I can picture it now: sitting in the crowd of parents overlooking all those caps and gowns. I won’t be able to hear his name called over the roar of my own weeping in my ears. I’m projecting to The Baby’s High School graduation. This might seem strange to you as the child hasn’t even started kindergarten yet, but to me, it is the light at the end of what I see is going to be a very long tunnel.
He started year two of preschool two weeks ago. He hated year one of preschool, fought me every morning to go. But, I chalked it up to growing pains as most of the class was in the same sorry state as he for the entire year.
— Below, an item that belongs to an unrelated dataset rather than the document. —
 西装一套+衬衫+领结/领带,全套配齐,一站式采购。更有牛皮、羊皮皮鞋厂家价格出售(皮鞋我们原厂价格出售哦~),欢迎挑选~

This year I prepared for the worst but was pleasantly surprised by his reaction week one. He said it was awesome. He willingly walked out the door those first few days. I should have known, his teacher is one of those Queens of Learning that if you are lucky you get once in your life.
I should have known she’d work her magic on him.
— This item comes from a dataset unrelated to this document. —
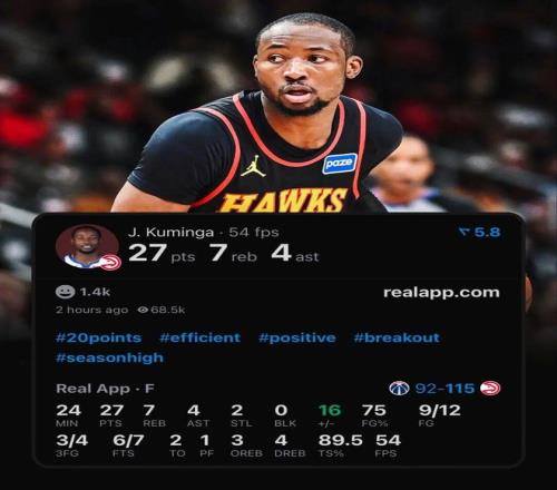 迎來老鷹生涯首秀的庫明加表現(xiàn)十分搶眼,替補(bǔ)出戰(zhàn)約24分鐘,投籃12中9,其中三分4中3,罰球7中6無比高效砍下27分外加7板4助2斷全面數(shù)據(jù),正負(fù)值+16,幫助新東家119-98輕松擊敗奇才。

Then this week came and the crying started. First, he just whined for me, like he did all last year. Then, he cried at school.
“I got two timeouts today mom. I had to sit out of circle because I was crying too hard.”
Then, Wednesday night: the bed-wetting and Thursday; the morning long tears and negotiations.
What. The. Heck?
This is when the mommy questions come on fierce. Do I stop and just let him start this madness in kindergarten when it’s state law? Do I keep plugging away so kindergarten is smoother? Do I homeschool? How come this one isn’t like EITHER of the other two? What am I doing wrong? What is wrong with him? As you can imagine they continue to spiral into ugly from here.
That last one is my most embarrassing. There is nothing wrong with him. He’s amazing and brilliant and funny and I adore being with him most of the time.
But he hates school. No matter what I do.
Maybe some miracle will occur at some time, but I’m not holding my breath. The things he hates: the noise, the crowds, the quick eating, they’re only going to get worse.
So, yeah we’ll have to deal with that. And I can just imagine when he’s old enough to think his teachers are stupid and the work is pointless. (I mentioned his brilliance right?) He’s that kind of brilliant-his mind is working faster than most adults I know and having been in a classroom for 12 years, I know the havoc those kids wreak on that environment.
But I think I’m resigned to it. I think I’m ready to advocate for and against him when the time comes for it. I’m ready to battle him to go and battle with him to behave. I’m ready to support the teachers that try to get him and I’m ready to take on the teachers that don’t. I know it will be a delicate balancing act for the next 14 years. I’m ready, especially for that graduation day. I know he’ll get there and I know I’ll be relieved.